A comparison with the epidemiological data on Influenza A in Norway shows that the model provides appropriate results in spite of the complexity of oscillations. It is interesting to note that the COVID-19 pandemic changed the dynamics of seasonal influenza epidemics beginning from 2021 due to the measures of social distancing. The model describes these new dynamics if we introduce time-dependent disease transmission rates.

An optimal control of vaccination enables us to minimize the cost of the epidemic. If the cost of vaccination is low, then the optimal cost is reached for the maximal vaccination level. If the vaccination cost is sufficiently high, it can influence the result of optimization. The minimum in this case can be reached for some particular choice of parameters, depending on the timing of the vaccination campaign.

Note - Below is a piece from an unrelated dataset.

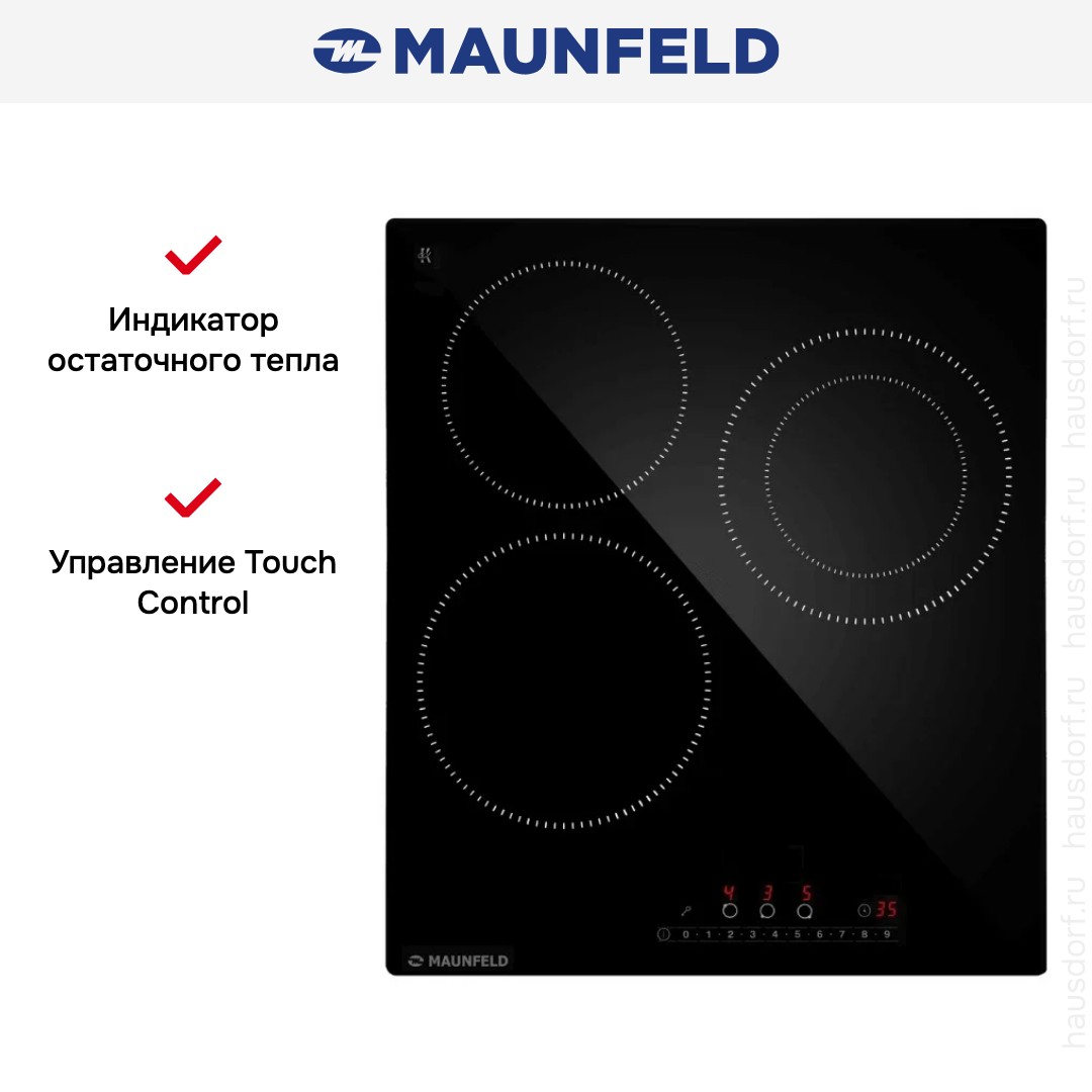 Цвет — черный. Благодаря отсутствию рамки она отлично впишется в интерьер и не займет лишнее место на столешнице, которое можно использовать для работы. Материал самой поверхности: стеклокерамика. Управление этой моделью электронное. Для переключения уровней нагрева, выбора функций используются следующие переключатели: сенсорные/TouchControl. Продвинутая система контроля за прибором делают его современным и отвечающим на главные запросы покупателя.

This study has some limitations. First of all, discrete delays prescribe single values to the disease duration and immunity waning instead of some distributions. However, we have shown in previous works that such delay models provide a good approximation for the models with distributed delays [29]. Furthermore, we neglect exposed compartments and assume that the population is homogeneous with a fixed size. These questions and also some others, including different vaccination strategies, represent interesting open questions for forthcoming works. These modeling approaches can be used for data analyses from different countries and for different epidemics.